* [Records for the task]:

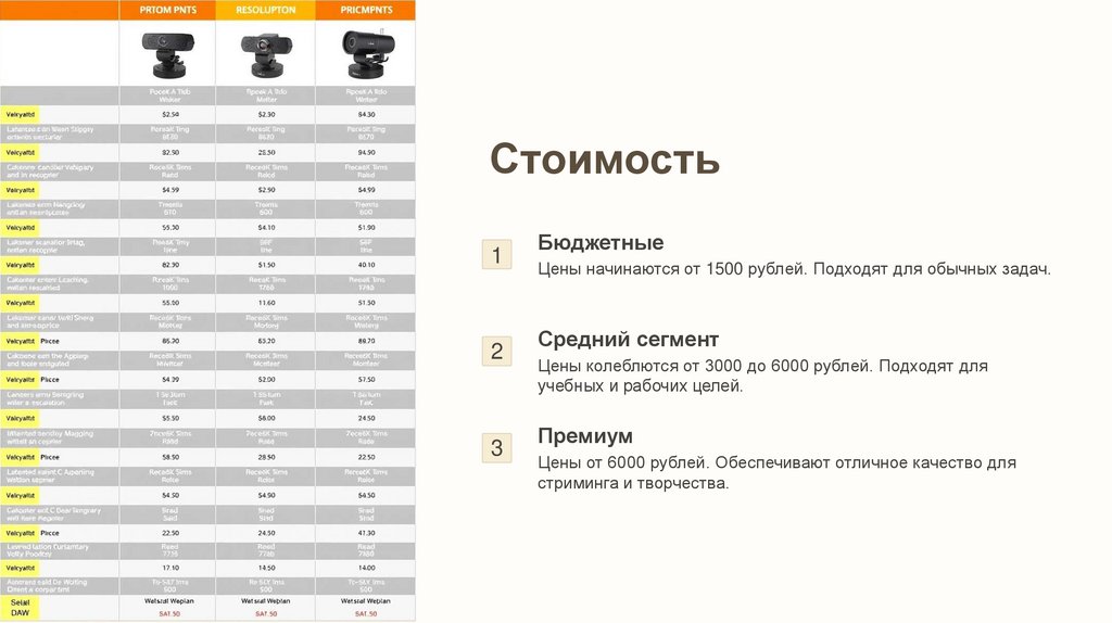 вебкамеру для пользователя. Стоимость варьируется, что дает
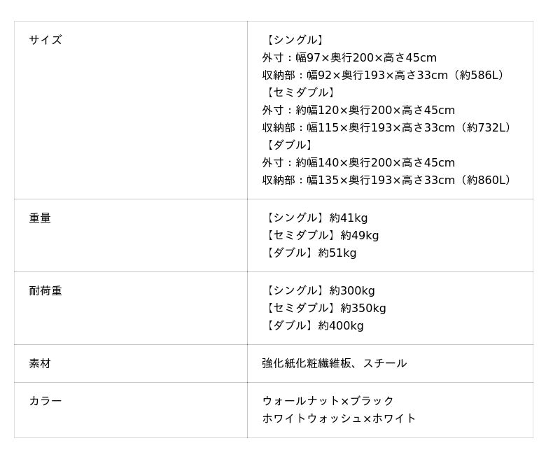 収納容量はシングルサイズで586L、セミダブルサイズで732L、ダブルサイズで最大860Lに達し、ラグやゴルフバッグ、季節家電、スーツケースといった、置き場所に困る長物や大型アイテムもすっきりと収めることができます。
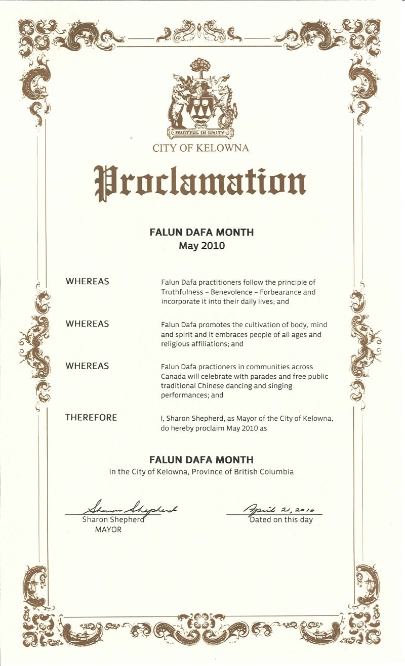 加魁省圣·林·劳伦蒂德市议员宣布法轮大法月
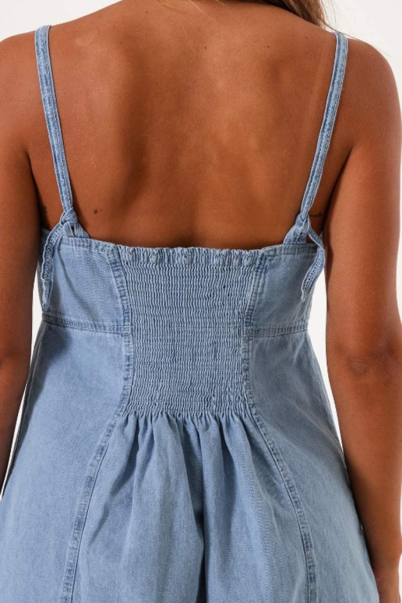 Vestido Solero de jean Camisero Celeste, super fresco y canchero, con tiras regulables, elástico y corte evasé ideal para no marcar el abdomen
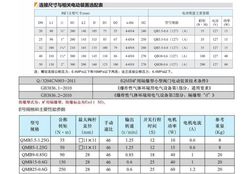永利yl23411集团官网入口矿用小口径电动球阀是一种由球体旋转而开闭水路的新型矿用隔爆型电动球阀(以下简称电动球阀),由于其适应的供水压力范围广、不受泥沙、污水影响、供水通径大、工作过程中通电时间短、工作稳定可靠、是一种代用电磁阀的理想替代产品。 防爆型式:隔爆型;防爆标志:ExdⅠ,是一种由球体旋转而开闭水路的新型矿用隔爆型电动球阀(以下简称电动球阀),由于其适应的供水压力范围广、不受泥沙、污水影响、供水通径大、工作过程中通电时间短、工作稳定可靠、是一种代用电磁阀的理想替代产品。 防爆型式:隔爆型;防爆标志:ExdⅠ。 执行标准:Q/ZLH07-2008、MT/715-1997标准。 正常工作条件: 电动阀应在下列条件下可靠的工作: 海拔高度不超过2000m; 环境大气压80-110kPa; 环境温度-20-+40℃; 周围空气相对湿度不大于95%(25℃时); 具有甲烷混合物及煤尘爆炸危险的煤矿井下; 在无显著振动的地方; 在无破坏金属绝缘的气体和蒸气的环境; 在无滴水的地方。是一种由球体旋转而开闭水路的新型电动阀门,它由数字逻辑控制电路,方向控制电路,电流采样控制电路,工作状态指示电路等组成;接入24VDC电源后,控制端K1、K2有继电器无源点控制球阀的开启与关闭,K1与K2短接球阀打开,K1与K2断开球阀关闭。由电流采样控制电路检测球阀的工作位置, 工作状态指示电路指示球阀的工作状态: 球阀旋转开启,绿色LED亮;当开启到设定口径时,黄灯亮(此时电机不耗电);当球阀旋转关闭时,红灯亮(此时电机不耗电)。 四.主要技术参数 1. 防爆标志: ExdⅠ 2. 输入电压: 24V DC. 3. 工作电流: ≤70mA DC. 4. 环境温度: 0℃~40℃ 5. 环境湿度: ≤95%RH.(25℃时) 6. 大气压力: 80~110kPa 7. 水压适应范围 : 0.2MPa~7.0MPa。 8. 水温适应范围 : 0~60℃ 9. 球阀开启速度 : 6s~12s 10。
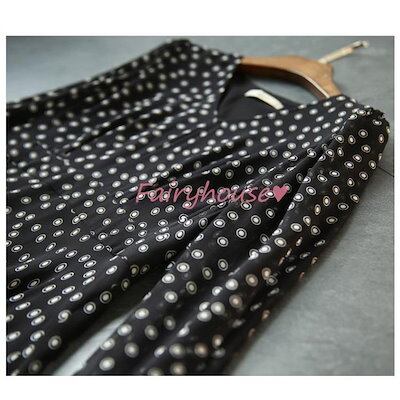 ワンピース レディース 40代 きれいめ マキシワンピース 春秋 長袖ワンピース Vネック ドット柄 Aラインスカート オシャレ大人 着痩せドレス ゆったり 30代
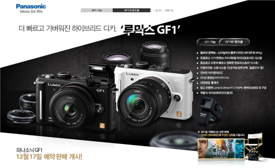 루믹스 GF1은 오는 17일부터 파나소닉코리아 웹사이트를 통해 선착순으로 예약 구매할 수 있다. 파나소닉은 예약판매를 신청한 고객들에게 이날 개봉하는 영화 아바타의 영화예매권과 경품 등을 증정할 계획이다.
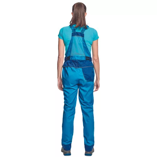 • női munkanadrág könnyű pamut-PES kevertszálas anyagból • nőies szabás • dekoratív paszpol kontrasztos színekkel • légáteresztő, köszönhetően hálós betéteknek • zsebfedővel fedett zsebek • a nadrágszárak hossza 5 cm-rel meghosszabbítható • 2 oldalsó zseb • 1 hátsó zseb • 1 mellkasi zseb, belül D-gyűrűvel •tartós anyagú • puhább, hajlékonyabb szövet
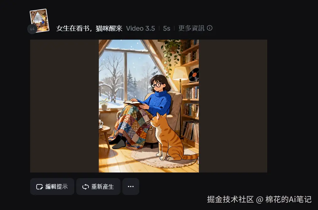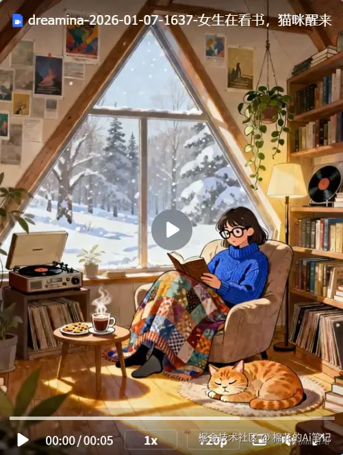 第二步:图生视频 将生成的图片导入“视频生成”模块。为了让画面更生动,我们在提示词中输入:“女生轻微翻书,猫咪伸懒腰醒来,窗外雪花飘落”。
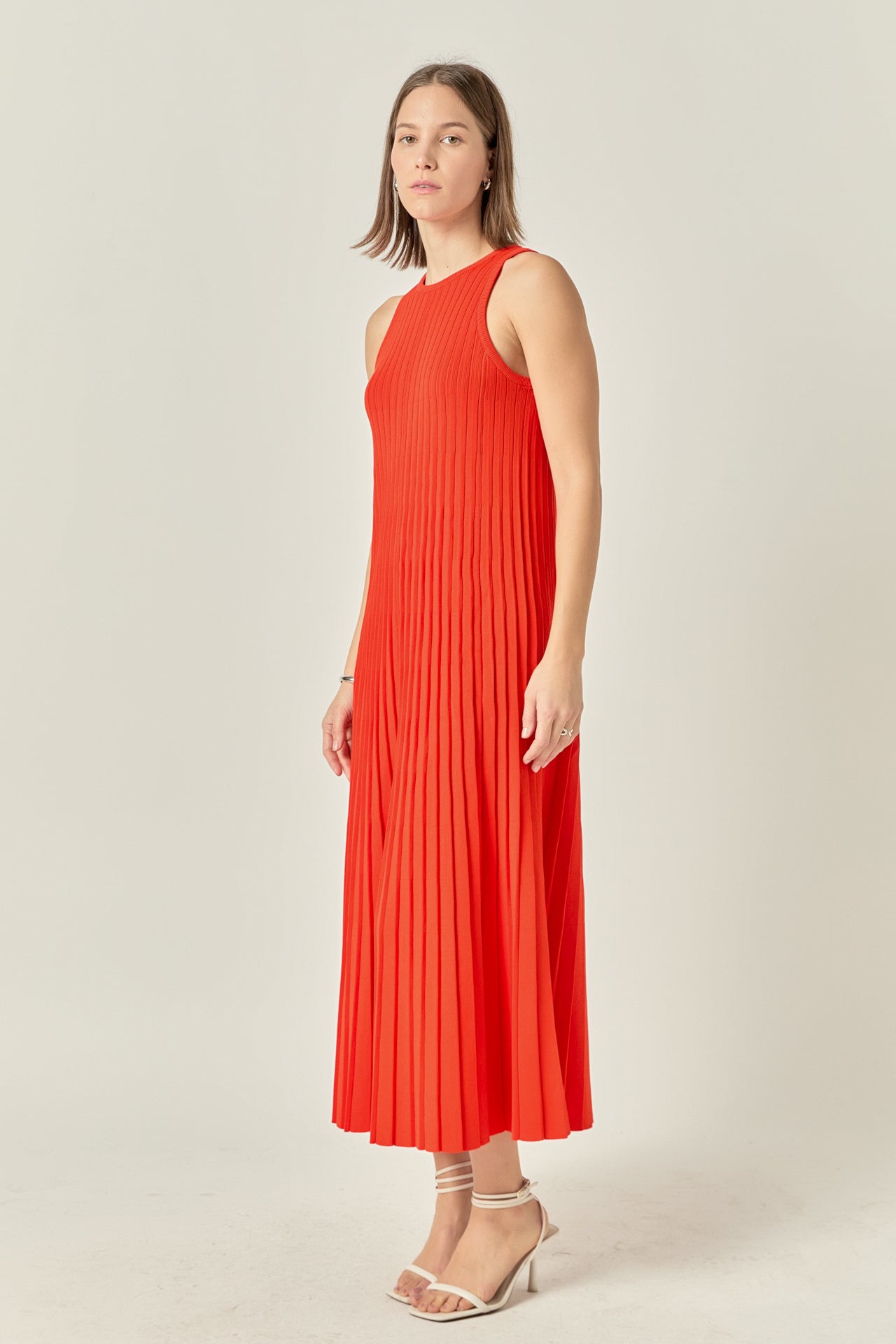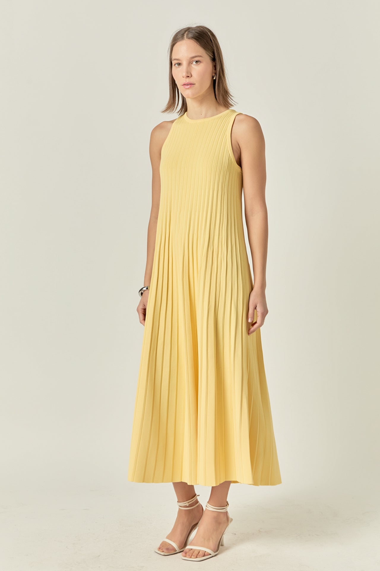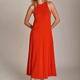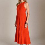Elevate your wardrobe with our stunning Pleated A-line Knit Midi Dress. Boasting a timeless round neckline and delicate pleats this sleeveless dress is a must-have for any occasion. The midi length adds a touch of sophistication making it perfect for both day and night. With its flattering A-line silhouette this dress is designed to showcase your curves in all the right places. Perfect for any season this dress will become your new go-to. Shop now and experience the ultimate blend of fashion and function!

* [Task objective]:
Output only the stretch above from the line with "収納容量はシングルサイズで5" through the line with "Vestido Solero de", reproduced exactly. Exclude pictures.

* [Result]:
 収納容量はシングルサイズで586L、セミダブルサイズで732L、ダブルサイズで最大860Lに達し、ラグやゴルフバッグ、季節家電、スーツケースといった、置き場所に困る長物や大型アイテムもすっきりと収めることができます。
 加魁省圣·林·劳伦蒂德市议员宣布法轮大法月
 Vestido Solero de jean Camisero Celeste, super fresco y canchero, con tiras regulables, elástico y corte evasé ideal para no marcar el abdomen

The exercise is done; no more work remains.